Work instructions:
Scan the material below for the string "like". Report every line that has it.

━━━━━ Material for this task ━━━━━

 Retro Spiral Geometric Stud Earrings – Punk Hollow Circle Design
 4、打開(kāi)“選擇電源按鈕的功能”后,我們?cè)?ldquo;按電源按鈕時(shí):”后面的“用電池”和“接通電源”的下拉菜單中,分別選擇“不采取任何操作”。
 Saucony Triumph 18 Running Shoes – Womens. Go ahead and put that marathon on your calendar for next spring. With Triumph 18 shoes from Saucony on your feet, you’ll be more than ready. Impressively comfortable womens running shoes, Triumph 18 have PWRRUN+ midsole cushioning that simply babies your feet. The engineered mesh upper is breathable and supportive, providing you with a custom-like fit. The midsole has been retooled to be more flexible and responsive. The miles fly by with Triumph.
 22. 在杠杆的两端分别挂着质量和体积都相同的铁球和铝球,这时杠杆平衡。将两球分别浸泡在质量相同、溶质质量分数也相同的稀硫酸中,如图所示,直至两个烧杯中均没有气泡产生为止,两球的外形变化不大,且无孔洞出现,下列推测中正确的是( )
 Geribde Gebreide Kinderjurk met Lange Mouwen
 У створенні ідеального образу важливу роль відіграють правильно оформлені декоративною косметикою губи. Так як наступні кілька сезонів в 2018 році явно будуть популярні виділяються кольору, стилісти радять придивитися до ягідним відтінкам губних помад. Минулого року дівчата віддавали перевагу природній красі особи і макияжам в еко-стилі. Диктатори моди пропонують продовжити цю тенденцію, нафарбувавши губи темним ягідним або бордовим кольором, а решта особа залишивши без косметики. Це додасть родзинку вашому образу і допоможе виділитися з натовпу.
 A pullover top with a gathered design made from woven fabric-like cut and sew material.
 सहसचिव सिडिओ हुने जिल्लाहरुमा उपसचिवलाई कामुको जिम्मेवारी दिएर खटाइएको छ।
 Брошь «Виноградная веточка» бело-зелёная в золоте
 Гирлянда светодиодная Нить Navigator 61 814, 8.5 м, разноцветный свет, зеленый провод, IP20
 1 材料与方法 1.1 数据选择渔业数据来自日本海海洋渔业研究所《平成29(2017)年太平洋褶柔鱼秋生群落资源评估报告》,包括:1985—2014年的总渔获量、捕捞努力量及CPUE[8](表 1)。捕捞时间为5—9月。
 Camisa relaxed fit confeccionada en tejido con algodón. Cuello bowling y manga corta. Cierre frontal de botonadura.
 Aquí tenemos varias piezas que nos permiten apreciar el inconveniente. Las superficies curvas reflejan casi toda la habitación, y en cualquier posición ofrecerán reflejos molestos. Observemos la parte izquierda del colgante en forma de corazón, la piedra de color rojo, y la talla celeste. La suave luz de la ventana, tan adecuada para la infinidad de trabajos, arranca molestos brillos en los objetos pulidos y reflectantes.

━━━━━

Exercise answer:
 Saucony Triumph 18 Running Shoes – Womens. Go ahead and put that marathon on your calendar for next spring. With Triumph 18 shoes from Saucony on your feet, you’ll be more than ready. Impressively comfortable womens running shoes, Triumph 18 have PWRRUN+ midsole cushioning that simply babies your feet. The engineered mesh upper is breathable and supportive, providing you with a custom-like fit. The midsole has been retooled to be more flexible and responsive. The miles fly by with Triumph.
 A pullover top with a gathered design made from woven fabric-like cut and sew material.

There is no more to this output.